Dataset content
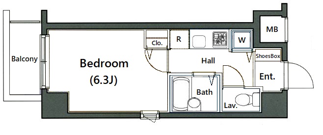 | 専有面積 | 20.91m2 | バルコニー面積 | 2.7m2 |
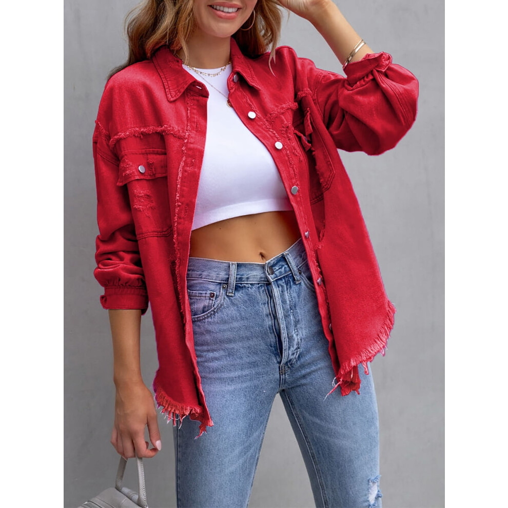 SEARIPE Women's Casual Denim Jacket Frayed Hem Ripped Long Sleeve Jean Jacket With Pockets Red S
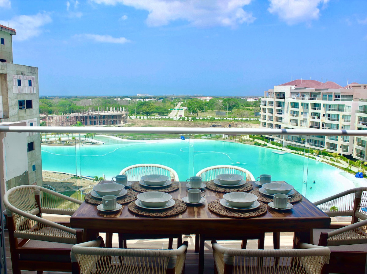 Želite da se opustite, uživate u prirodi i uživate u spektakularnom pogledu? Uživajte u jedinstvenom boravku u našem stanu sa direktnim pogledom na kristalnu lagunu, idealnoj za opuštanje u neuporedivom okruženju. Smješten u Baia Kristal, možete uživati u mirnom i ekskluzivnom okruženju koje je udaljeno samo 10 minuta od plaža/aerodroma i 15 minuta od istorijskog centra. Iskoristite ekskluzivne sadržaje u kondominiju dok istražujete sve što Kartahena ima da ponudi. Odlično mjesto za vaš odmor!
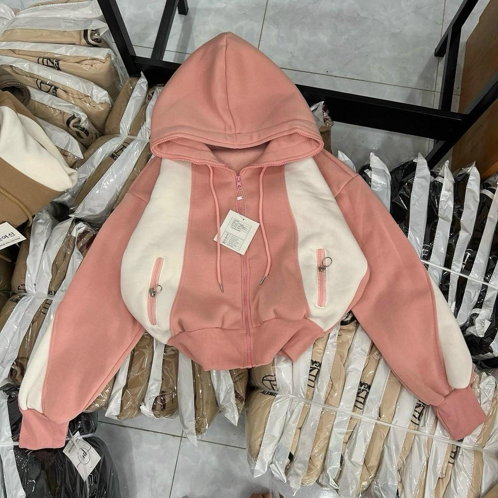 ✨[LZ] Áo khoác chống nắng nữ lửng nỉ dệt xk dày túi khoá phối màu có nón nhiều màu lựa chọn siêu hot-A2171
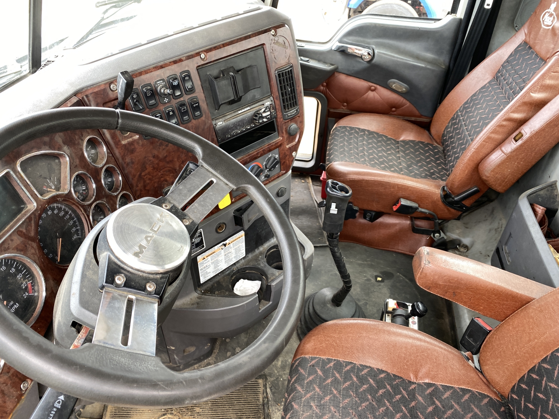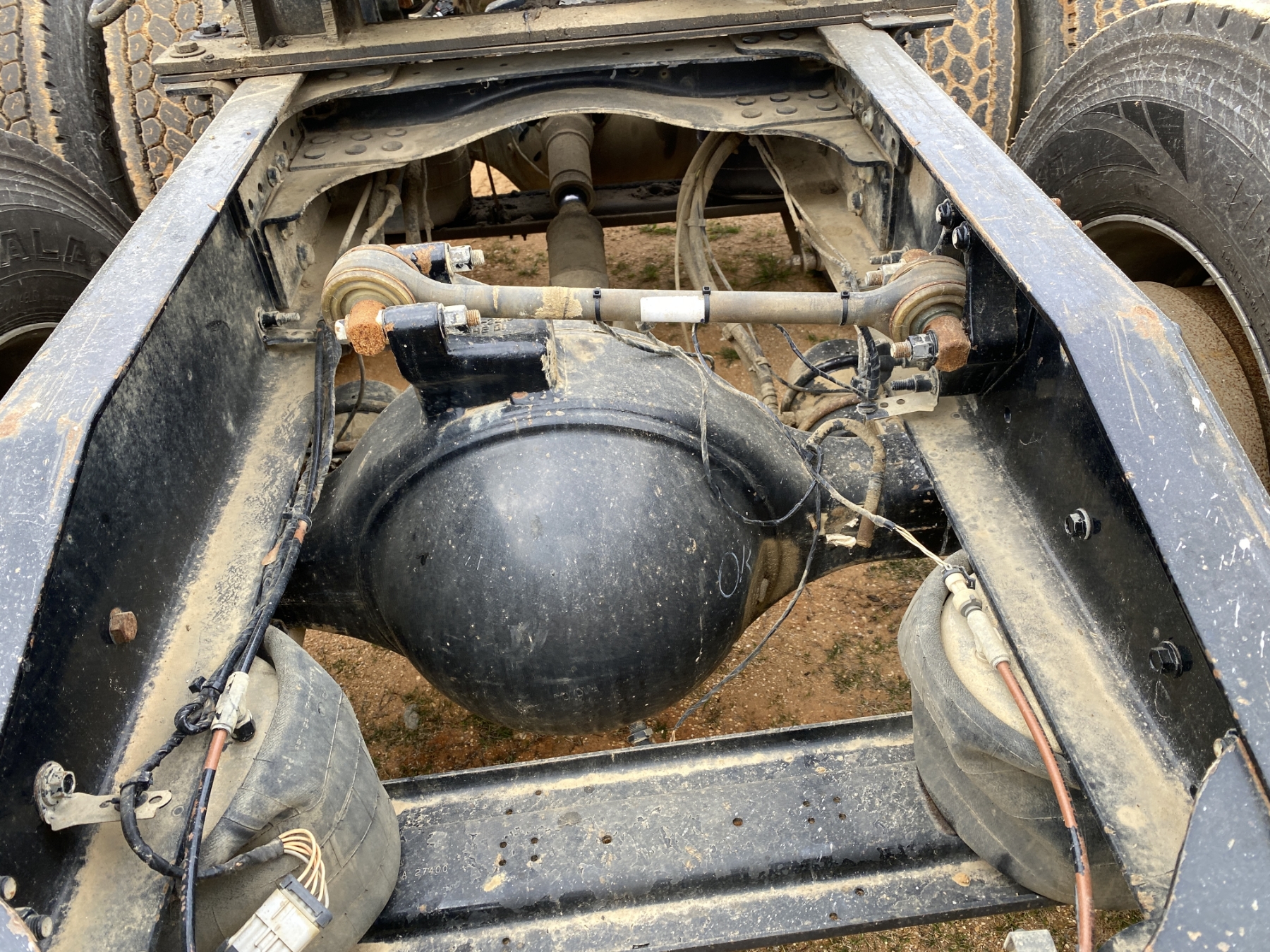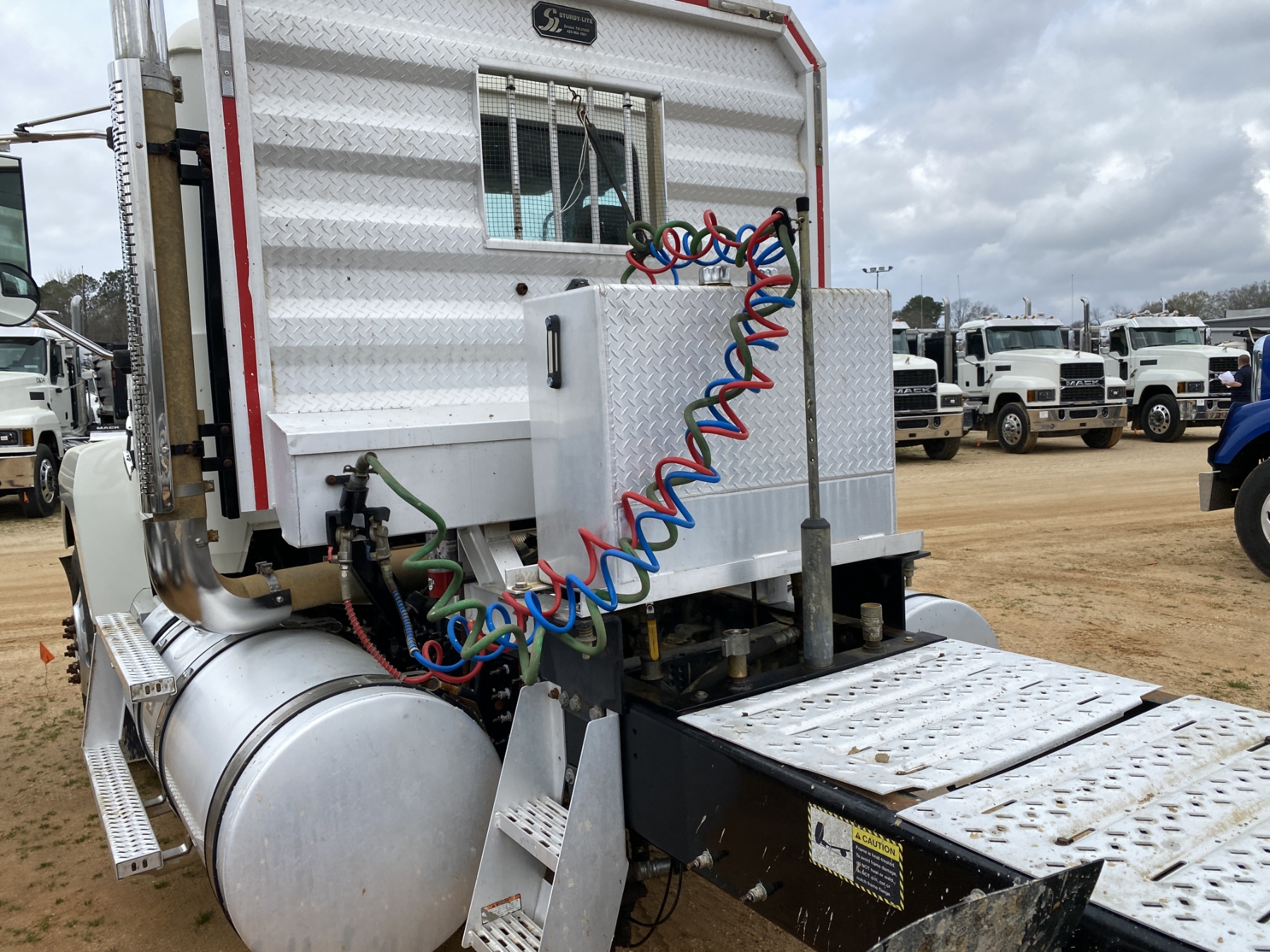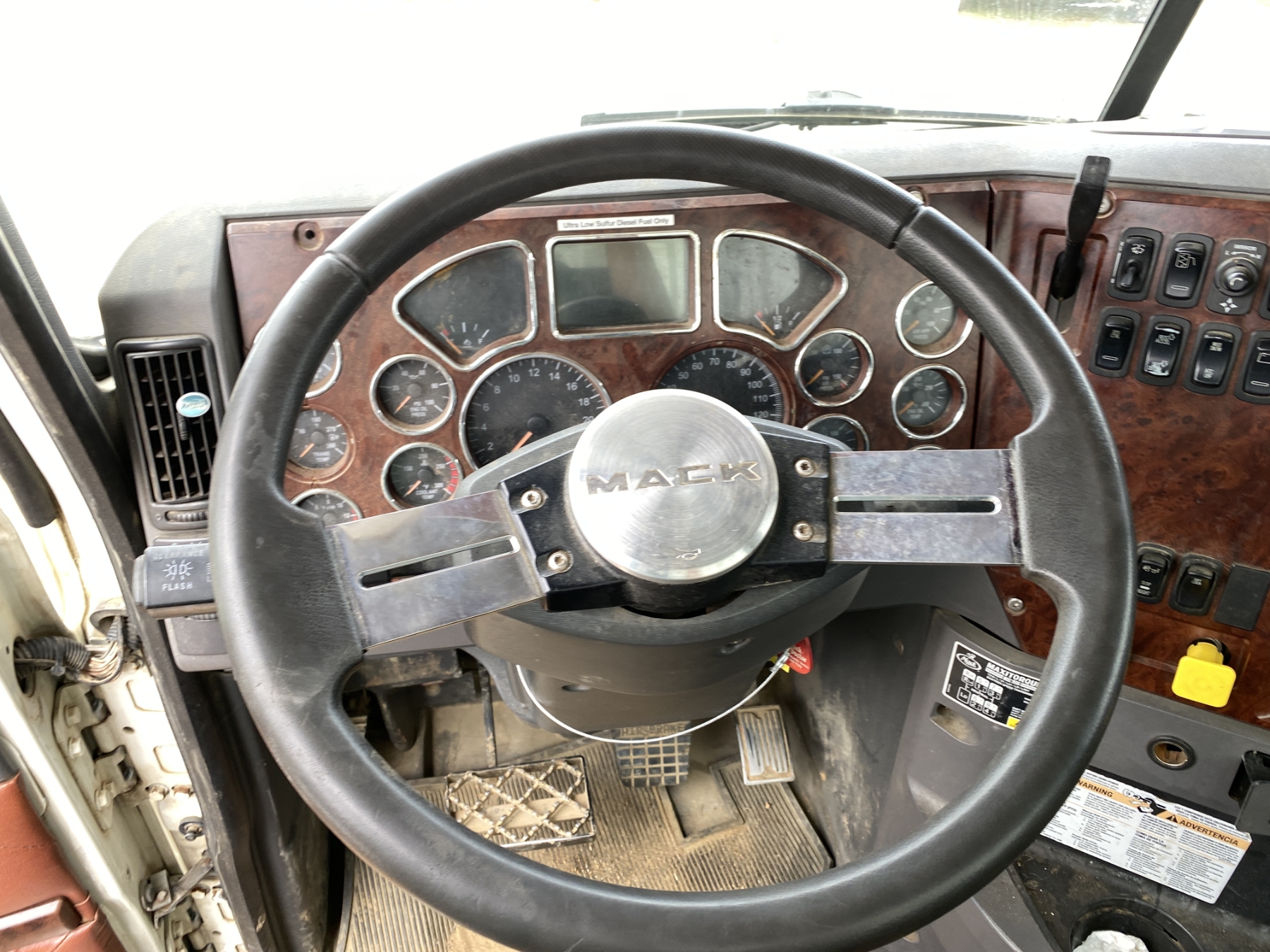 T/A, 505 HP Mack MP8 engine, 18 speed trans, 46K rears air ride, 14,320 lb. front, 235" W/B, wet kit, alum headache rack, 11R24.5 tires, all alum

What is expected
Output the complete listing exactly as it appears, except for the images.

Finished exercise
 | 専有面積 | 20.91m2 | バルコニー面積 | 2.7m2 |
 SEARIPE Women's Casual Denim Jacket Frayed Hem Ripped Long Sleeve Jean Jacket With Pockets Red S
 Želite da se opustite, uživate u prirodi i uživate u spektakularnom pogledu? Uživajte u jedinstvenom boravku u našem stanu sa direktnim pogledom na kristalnu lagunu, idealnoj za opuštanje u neuporedivom okruženju. Smješten u Baia Kristal, možete uživati u mirnom i ekskluzivnom okruženju koje je udaljeno samo 10 minuta od plaža/aerodroma i 15 minuta od istorijskog centra. Iskoristite ekskluzivne sadržaje u kondominiju dok istražujete sve što Kartahena ima da ponudi. Odlično mjesto za vaš odmor!
 ✨[LZ] Áo khoác chống nắng nữ lửng nỉ dệt xk dày túi khoá phối màu có nón nhiều màu lựa chọn siêu hot-A2171
 T/A, 505 HP Mack MP8 engine, 18 speed trans, 46K rears air ride, 14,320 lb. front, 235" W/B, wet kit, alum headache rack, 11R24.5 tires, all alum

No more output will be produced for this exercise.